───── DATASET EXCERPT ─────

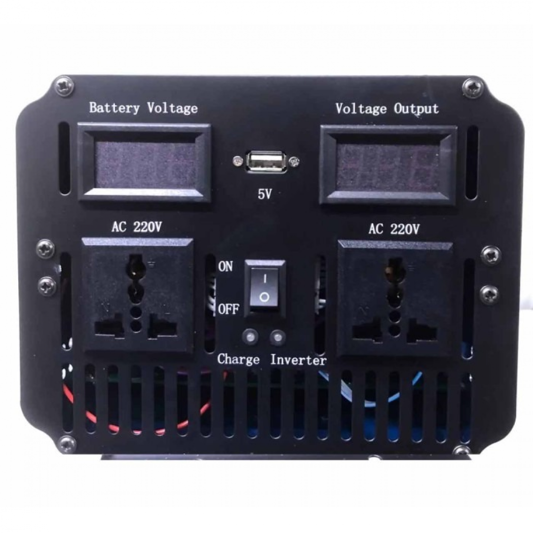 Корпус изготовлен из алюминия и оснащён двумя охлаждающими вентиляторами. На передней панели расположены кнопка включения, стандартная розетка, USB-порт 5 В и световые индикаторы. Инвертор подключается напрямую к аккумулятору с помощью зажимов и поддерживает функцию UPS с возможностью зарядки.
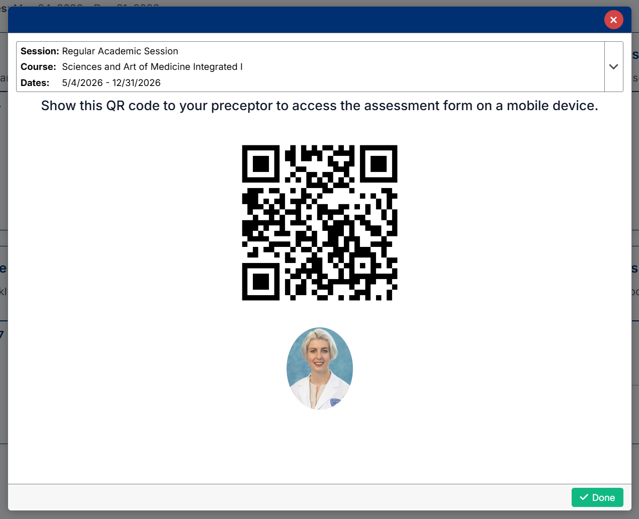 - Ask your preceptor to scan the QR code using their mobile device
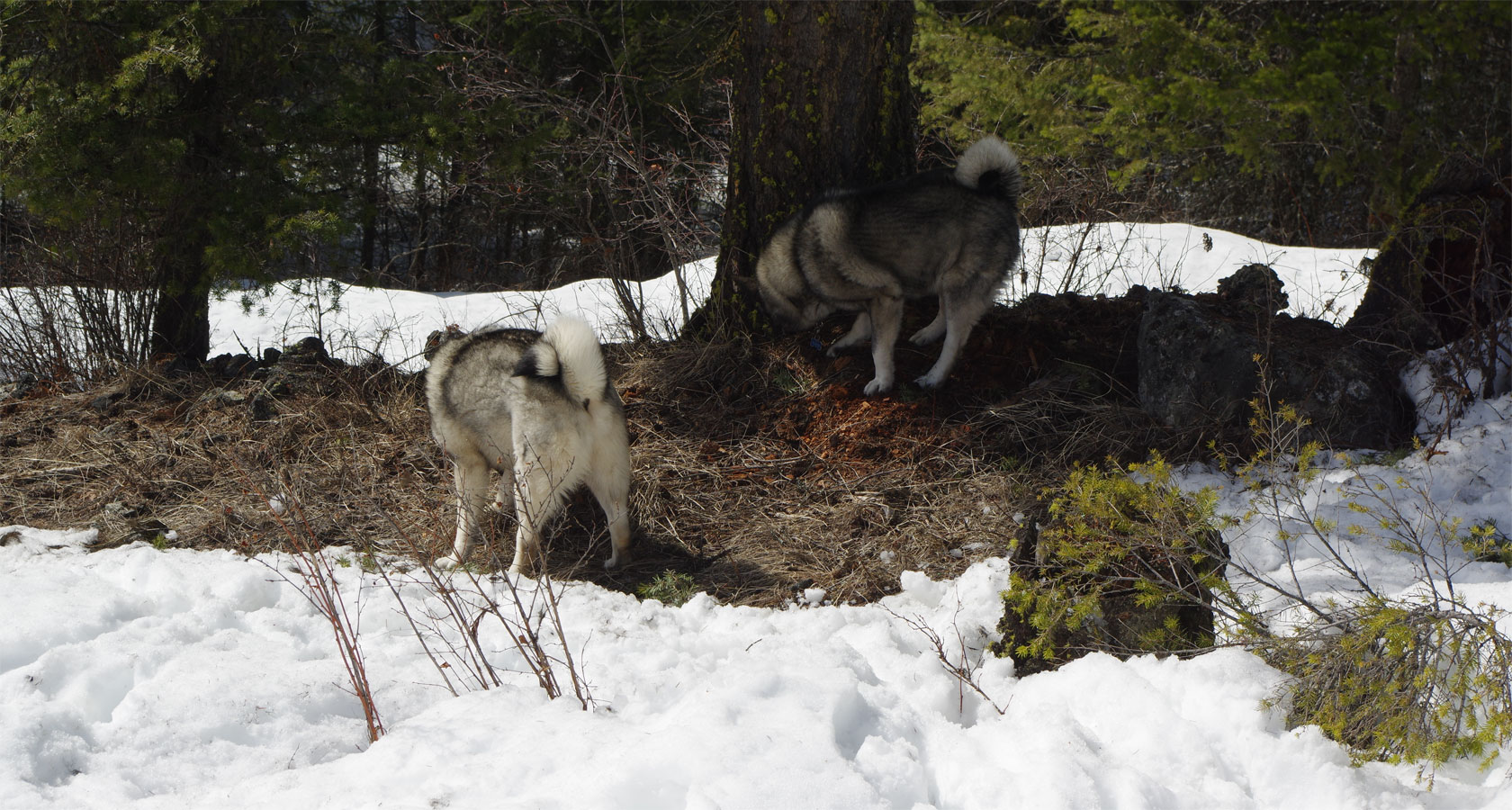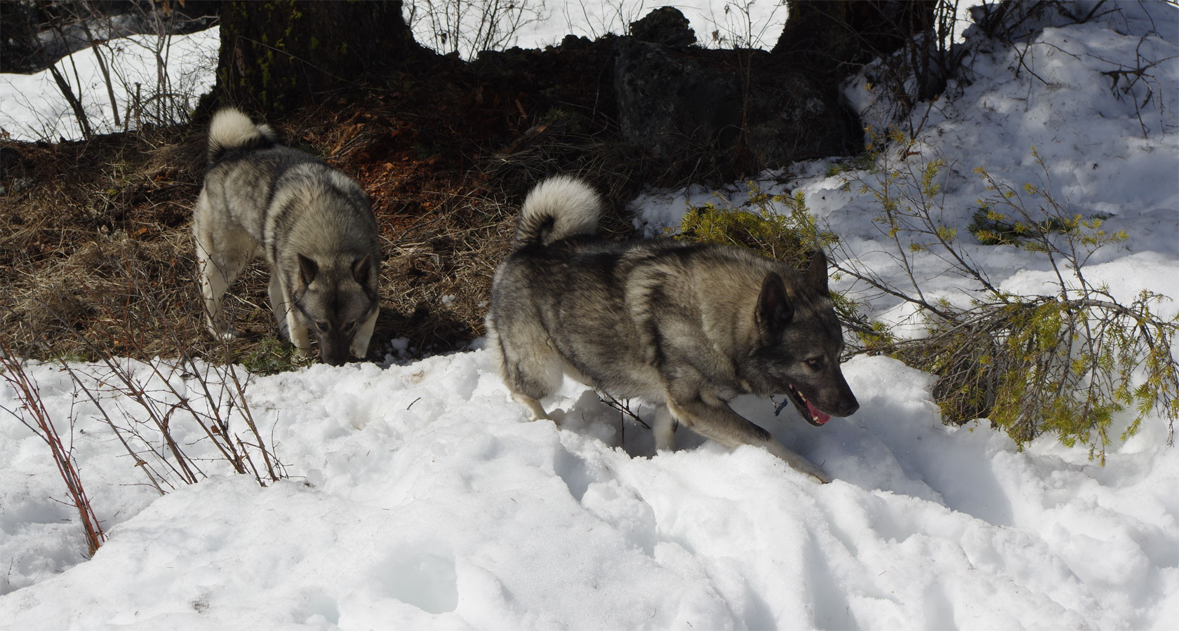 This is a full old world working Elkhound, every old trait intact - Just a young male but very smart, a highly intelligent boy, extremely good to work with. An Elkhound is good anywhere, but out here, well, you know they are home, you know, this is where they belong, what they were bred for.

─────

**BRIEF:** The task calls for duplicating the data exactly, with no images kept.

**ANSWER TO THE PROBLEM:**
 Корпус изготовлен из алюминия и оснащён двумя охлаждающими вентиляторами. На передней панели расположены кнопка включения, стандартная розетка, USB-порт 5 В и световые индикаторы. Инвертор подключается напрямую к аккумулятору с помощью зажимов и поддерживает функцию UPS с возможностью зарядки.
 - Ask your preceptor to scan the QR code using their mobile device
 This is a full old world working Elkhound, every old trait intact - Just a young male but very smart, a highly intelligent boy, extremely good to work with. An Elkhound is good anywhere, but out here, well, you know they are home, you know, this is where they belong, what they were bred for.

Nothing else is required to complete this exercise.